Example, `“Generate a dataset of customer inquiries about returns”
  1. Variables to include in the generated dataset (columns): Define the column headers for your dataset. These will be the variables that Trusys will generate data for.
Example variables: customer_id, product_name, return_reason, sentiment Optionally, you can add one or more example for each variable for better dataset generation.
  1. Connect Prompt Library to generate data that matches your prompts and the tone: You can link a specific Prompt Library to ensure the generated data aligns with the variables and conversational tone expected by your prompts. This helps create highly relevant test cases.
  2. Number of Rows Set the desired number of data rows you want Trusys to generate for this dataset. There is a limit of 200 rows for synthetic dataset generation.
  3. Dataset Language Select the language in which you want to create your variables and the generated data.
  4. Click Generate Dataset
Dataset PreviewTrusys will first display a preview of the first 5 rows of the data that will be generated. You can review this preview to ensure it meets your expectations.You then have the option to proceed to create the entire dataset or discard the preview and modify your instructions for a different generation.
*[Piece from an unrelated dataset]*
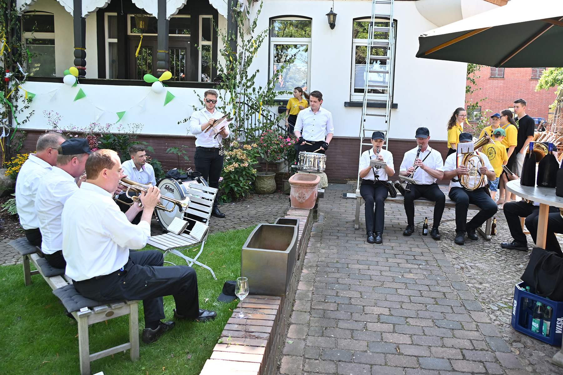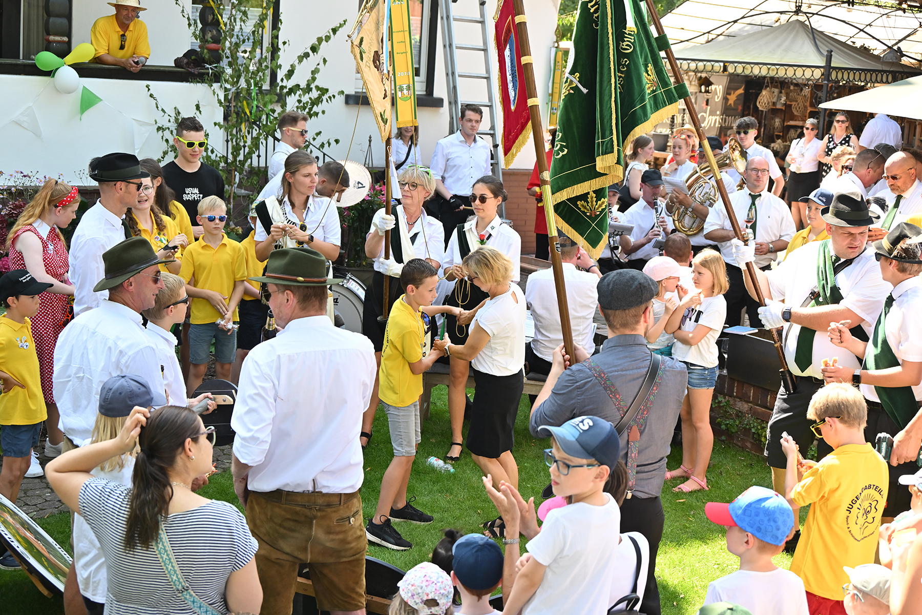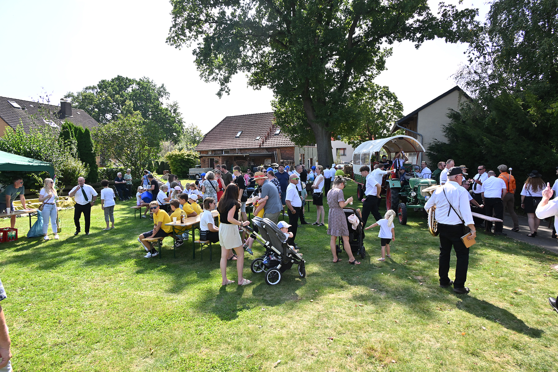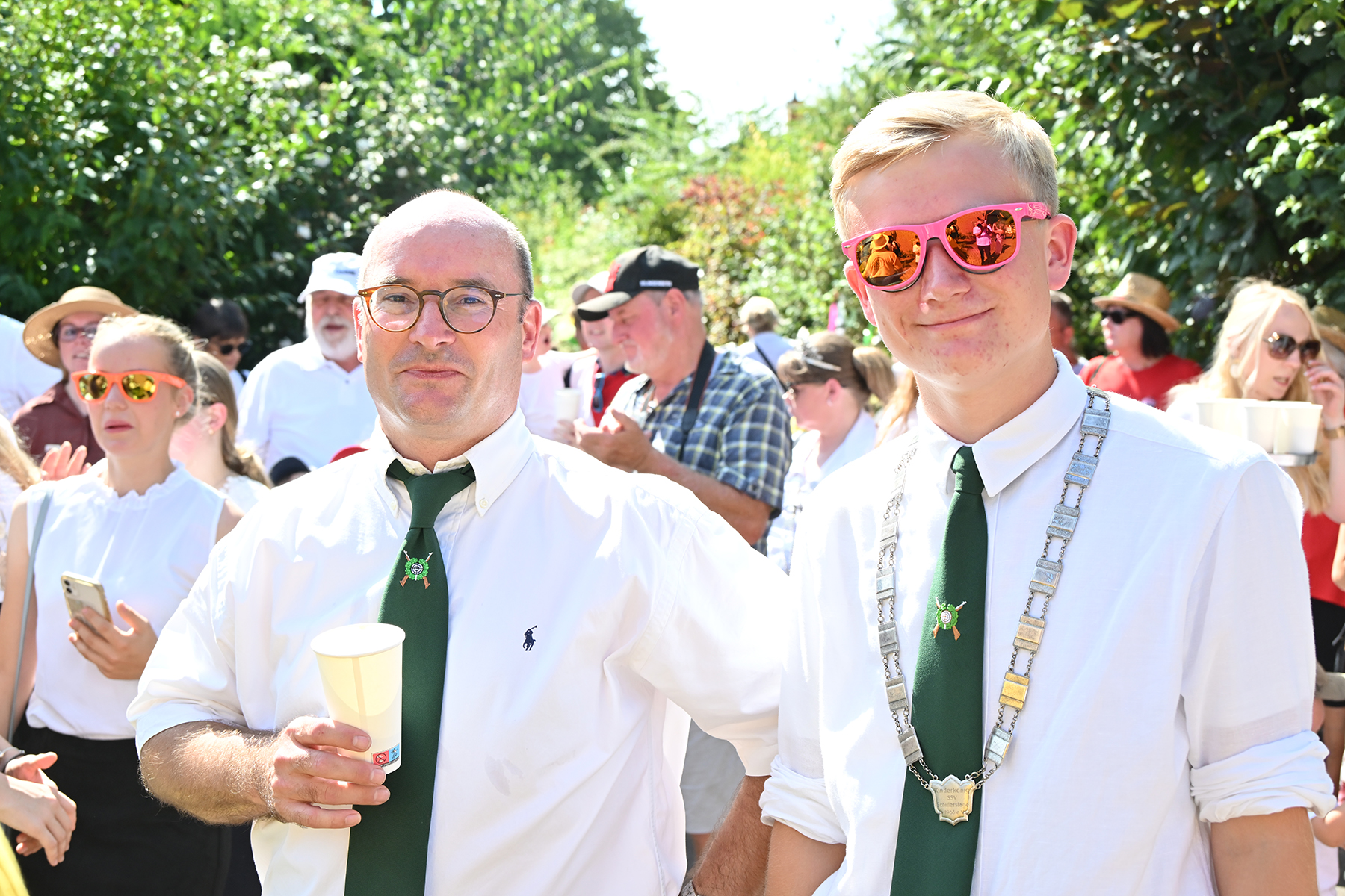 Schon am ersten Schützenfesttag, am Freitag, 23. August 2024, hatte der Vorsitzende des SSV Schillerslage, Matthias Huth, für den gestrigen Sonnabend eine Marscherleichterung ausgesprochen, denn "es wird kein schönes Wetter geben", so der 1. Vorsitzende beim Festkommers. 31 Grad Celsius waren vorhergesagt, und die Vorhersage sollte sich gestern dann auch bewahrheiten. So kamen die Schützen ohne Jacken und teilweise in kurzen Hosen zum Festumzug anlässlich des Scheibenaufhängens in Schillerslage.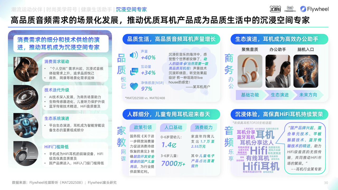 在这一趋势中,高品质音频需求推动耳机升级为构建个人沉浸空间的“专家型”工具,通过场景化创新持续拓展其价值边界。消费端对个人空间与品质悦己的追求持续升温,带动相关声量显著增长;技术端则借助AI算法、生物传感与蓝牙传输的进步,为商务降噪、儿童听力保护及高保真音质普及提供了坚实支撑。与此同时,耳机在生态中的角色不断深化,更随着HiFi门槛降低而进一步融入大众的高品质生活。

Mapping Prompt Variables with Dataset

Once your dataset is available in Trusys, you can link it to your prompts within the Prompt Library. This enables dynamic population of prompt variables, allowing for efficient and scalable evaluation of your AI models with diverse inputs. To link a prompt with a dataset, follow these steps:
  • Open the prompt: Navigate to the Prompt Library and open the specific prompt you wish to link.
  • Locate ‘Link a dataset’ option: In the prompt interface, find and click on the ‘Link a dataset’ option.
  • Select the dataset: A list of available datasets will be displayed. This list will be filtered to show only those datasets that contain variables matching the ones defined in your current prompt. Select the desired dataset from the dropdown list.
  • Automatic Variable Mapping: Trusys will automatically detect the variables in your prompt content (e.g., {{customer_name}}, {{issue_description}}, {{sentiment}}) and map them to the corresponding columns in the selected dataset. This ensures that the correct data is used to populate your prompts during test runs.
Alternatively, you can also create a new dataset directly while you are in the process of creating a prompt. This streamlines the workflow, allowing you to generate or upload data on the fly to support your prompt-based evaluations.

List Datasets

The Listing Datasets view provides a comprehensive overview of all datasets available within your project. For each dataset, you can quickly see:
  • The number of variables it contains.
  • The total number of rows in the dataset.
  • The number of test runs that have utilized this particular dataset.
This centralized list helps you manage and track the usage of your data resources across various evaluations.

Dataset Details

Clicking on any dataset from the Listing Datasets view will open the Dataset Details page, providing an in-depth look at its content and configuration.
  • View all dataset table: You can view the entire dataset in a tabular format, allowing for easy inspection of the data. You also have the ability to delete any unnecessary rows directly from this view, helping you refine your dataset for specific evaluations.
  • View connection details (for external dataset): If the dataset was connected from an external source (e.g., Hugging Face), this section will display the connection parameters and status.
  • View instruction details (for Generate synthetic dataset using AI): For datasets generated synthetically, this section will show the original instructions and parameters used to create the dataset, providing full transparency and reproducibility of the data generation process.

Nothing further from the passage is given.